The last step was to create a Load Balancer for the Ingress controller (converting from NodePort configuration):

apiVersion: v1
kind: Service
spec:
  clusterIP: 10.43.x.x
  clusterIPs:
  - 10.43.x.x
  externalTrafficPolicy: Local
  healthCheckNodePort: 31431
  loadBalancerIP: 192.168.x.5
  ports:
  - name: "80"
    nodePort: 30176
    port: 80
    protocol: TCP
    targetPort: 80
  - name: "443"
    nodePort: 32182
    port: 443
    protocol: TCP
    targetPort: 443
  selector:
    workloadID_ingress-nginx: "true"
  sessionAffinity: None
  type: LoadBalancer

One important bit is that the externalTrafficPolicy is set to local which preserves the source IP of the request. Otherwise, it would show the IP of the node which originally received the request. Another important bit is that I'm requesting a specific IP address from the pool for the Load Balancer so that I can port forward to that IP in my router. Otherwise, it would just assign the next available IP address in the pool.
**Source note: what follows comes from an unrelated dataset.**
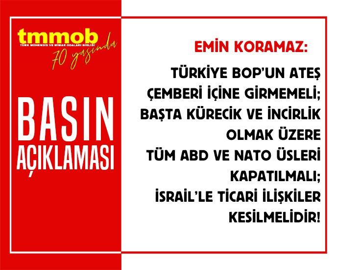 TMMOB Yönetim Kurulu Başkanı Emin Koramaz,  22 Haziran 2025 tarihinde gündeme ilişkin “ABD Elini Ortadoğudan Çek! İran’a Yönelik Saldırıları Şiddetle Kınıyoruz!” başlıklı bir basın açıklaması yaptı.

So, what is going on here?

MetalLB: Layer 2

One of the nodes in the cluster will advertise itself as the load balancer IP address and will distribute the requests to the ingress controller on the same node. If that nodes goes down, another node will pick up the slack and start advertising itself instead. So layer 2 is not really load balancing, but merely a failover and there can be a delay before the new node starts sending out the ARPs. In any case, I can get traffic into the cluster and it's nice to have another layer of redundancy.